Wackypedia

Wackypedia

If you have used Wikipedia in the past year (of course you have if you’re reading this) you’ve seen messages from Wikimedia co-founder Jimmy Wales asking for contributions to the nonprofit participatory media project. Wikipedia, “The Free Online Encyclopedia,” is the most well-known part of this amorphous social media enterprise. Mr. Wales greeted the New Year by thanking donors for kicking in $6 million to the continued operation of the outfit.

Wikis are software programs first used for cooperative work on engineering projects. Wikipedia uses these to tie together countless volunteer writers, researchers, and editors to amass and maintain a multilingual compendium of human knowledge. Wikis were formed by and for people of goodwill sharing common goals, but Wikipedia lives in a wild Web-world of conflicting aims and passions, full of cybervandals with broadband and lots of free time.

But while Wikipedia users have become concerned with the reliability of the data, a lot of odd things have been going on in the underlying organization. Gawker’s Valleywag has been tracking this socially-generated serial drama.

This story has it all: Sex and social media; philanthropy and conspiracyhijinx and hilarity.  Did we mention SEX?

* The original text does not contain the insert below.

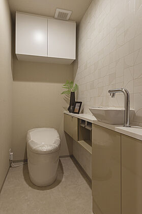 【トイレ】温水洗浄便座搭載で一年中快適にご利用いただけます。独立したカウンター・吊戸棚が備わっており、トイレットペーパーのストック・掃除道具などを収納可能です。

Sex isn’t specifically mentioned in the Wikimedia Foundation bylaws, but glandular goings-on appear to interfere with this org’s ability to maintain a solid board quorum. Isn’t there medication for that now? It was on TV.

Dynamic organizations often outgrow charismatic founders, and while we shouldn’t inflate this into Greek mythology, that seems to be the case here.  But wait — there’s more.  As Valleywag‘s Owen Thomas puts it:

Incompetence and infighting are endemic to nonprofits, of course. But Wikipedia’s bureaucracy is distinctly, fearsomely awful.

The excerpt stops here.